The Canton of Fribourg school system provides one year of non-obligatory Kindergarten, followed by six years of Primary school. This is followed by three years of obligatory lower Secondary school where the students are separated according to ability and aptitude. Following the lower Secondary students may attend a three or four year optional upper Secondary school. The upper Secondary school is divided into gymnasium (university preparatory) and vocational programs. After they finish the upper Secondary program, students may choose to attend a Tertiary school or continue their apprenticeship.

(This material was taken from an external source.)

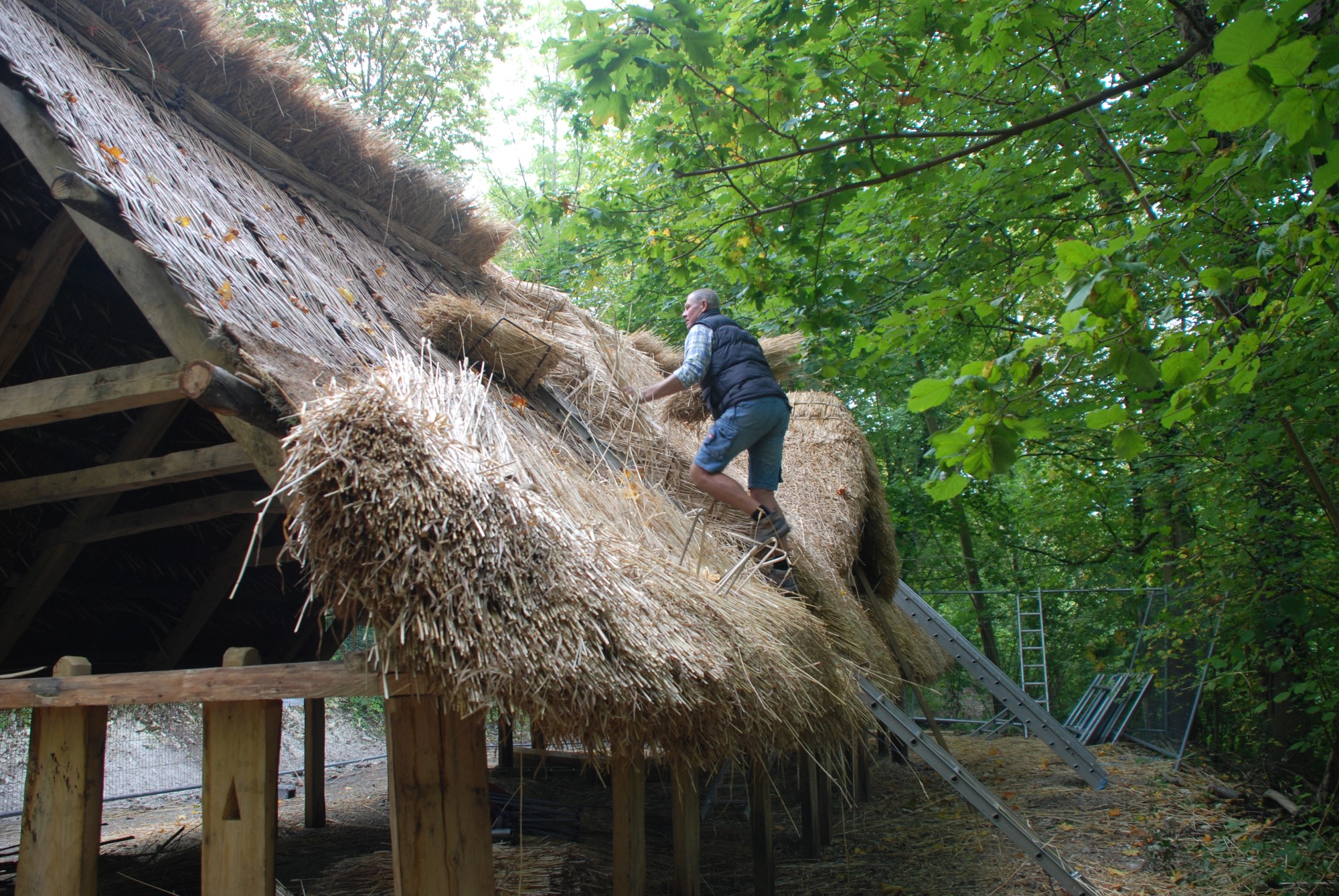 Thatching was undertaken by local Master Thatcher Chris Tomkins, with Andy Pickering and Daryl Mallows, using material grown and threshed in the museum in late September and early October 2015 (see Figure 10). On top of the rafters are hurdles, with a layer of turf under the thatch as found in excavations of water-logged sites from the Thames basin area (Goodburn, 2015). These sites were also the evidence base for the triangular ‘wind eyes’ that are cut into some of the posts (See Figure 11). They were found in Uxbridge and date to c.800AD to 900AD. It is thought that the word window could be a corruption of ‘wind eye’ and they do let in some light and air to the structure but symbolism beyond that is open to debate. Another feature that was clearly recorded in the excavation report by archaeologist Mark Gardiner (1993) is the two posts align at a 45˚ angle to the others.

During the 2010-11 school year, there were a total of 283 students attending 17 classes in Le Mouret. A total of 585 students from the municipality attended any school, either in the municipality or outside of it. There were 2 kindergarten classes with a total of 32 students in the municipality. The municipality had 12 primary classes and 234 students. During the same year, there were no lower secondary classes in the municipality, but 132 students attended lower secondary school in a neighboring municipality. There were no upper Secondary classes or vocational classes, but there were 76 upper Secondary students and 87 upper Secondary vocational students who attended classes in another municipality. The municipality had 3 special Tertiary classes, with 17 specialized Tertiary students.

As of 2000, there were 39 students in Le Mouret who came from another municipality, while 139 residents attended schools outside the municipality.

==History==
Since 1982, Le Mouret has been twinned with Saint-Chef in southeast France.